Evidentemente, la primera noticia que tendrá mi hijo de que las tripas de su héroe revolucionario abandonaron antes el cuerpo de lo que el alma lo hizo, habida cuenta de la dureza de la herida recibida, todavía tardará mucho años en llegarle. Era demasiado pequeño y lo sigue siendo, a mi entender, como para oír un mínimo atisbo de ciertas barbaridades. Pero para lo que creo que no debería de existir una edad mínima recomendada, más allá que la del mínimo entendimiento necesario, es para explicarle a un niño que hay personas que son capaces de luchar por todo aquello en lo que creen con absoluta honestidad.

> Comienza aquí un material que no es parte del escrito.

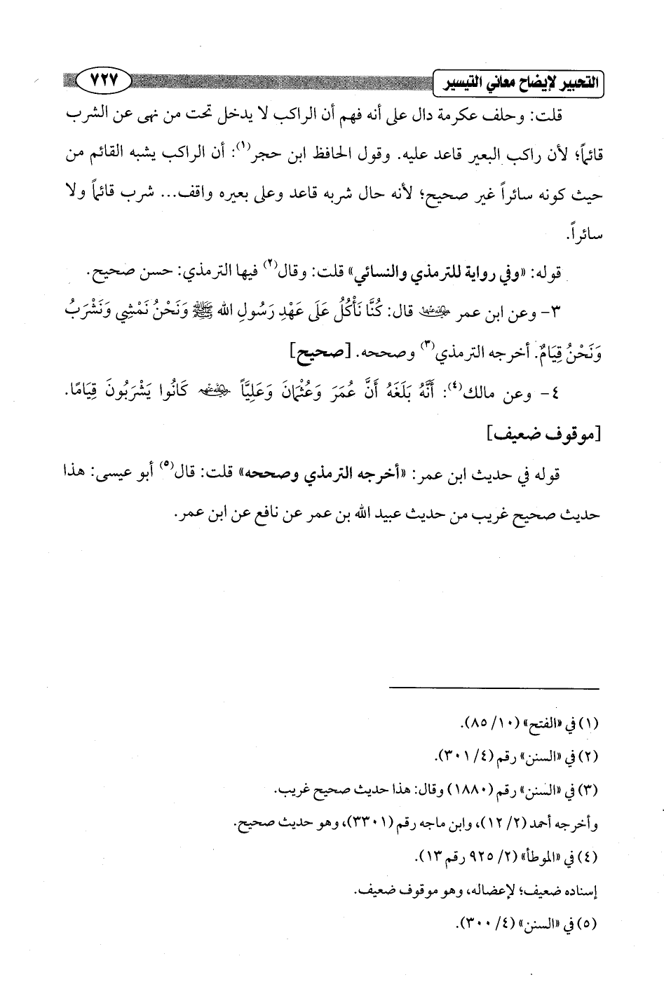 3 - وعن ابن عمر - رضي الله عنهما - قال: كُنَّا نَأْكُلُ عَلَى عَهْدِ رَسُولِ الله - صلى الله عليه وسلم - ونَحْنُ نَمْشِي وَنَشْرَبُ وَنَحْنُ قِيَامٌ. أخرجه الترمذي (¬3) وصححه. [صحيح]

Yo lo hago cada día, y, como parte de la lección, procuro explicarle que los verdaderos esfuerzos se realizan de una manera individual; que protestar continuamente y de forma más o menos justificada indistintamente hacia entes casi abstractos como un Jefe de Gobierno está muy bien, siempre y cuando no permita con su pasividad la corrupción en sus entornos más cercanos; básicamente, que luchar por la conservación de las focas árticas mientras no se hace nada por lo que se está muriendo al lado de uno (un perro, un toro, un ser humano, pero al lado) es una actitud sobradamente idiota, aunque luchar por ellas es de una legitimidad incuestionable. Que una persona que ataca continuamente al Presidente de su Comunidad, aunque sea de una manera justificada, mientras no hace nada por ayudar a su vecino, no es más que un cobarde más cobarde aún que el que no lucha por nada, porque al menos este tiene el valor de dejar bien claro que mover un dedo no es lo suyo.

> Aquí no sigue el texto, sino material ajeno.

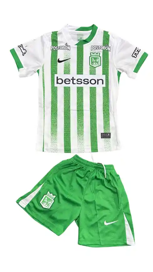 ¡Viste a tu pequeño campeón con el Orgullo Verdolaga!💚🤍 Lleva la pasión de Atlético Nacional a la próxima generación con este conjunto oficial de local, diseñado especialmente para los niños que sueñan con los colores del "Rey de Copas". Al momento de la compara uno de nuestros asesores se pondrá en contacto contigo para la talla que necesitas o nos puede contactar al 3006925233

Día a día, le enseño que hay mucha gente que defiende la existencia de linajes, castas, razas, que proclaman a los cuatro vientos su supuesto legado diferenciador. Que se olvide de esto: nadie es hijo de un pueblo; que uno tan solo es hijo de sus propios actos, y que afortunadamente esto es así, porque precisamente nuestro pueblo caería en una depresión clínica grave si tuviera que hacerse responsable de lo que hoy habita nuestra tierra: gente que aunque esgrime viejos cuentos como el de ser herederos de ciertos héroes ideológicos, tan solo son como las mismas sanguijuelas que eternamente, desde tiempos inmemoriales, devoran la tierra en silencio y quieren hacer suya la sangre que no les pertenece.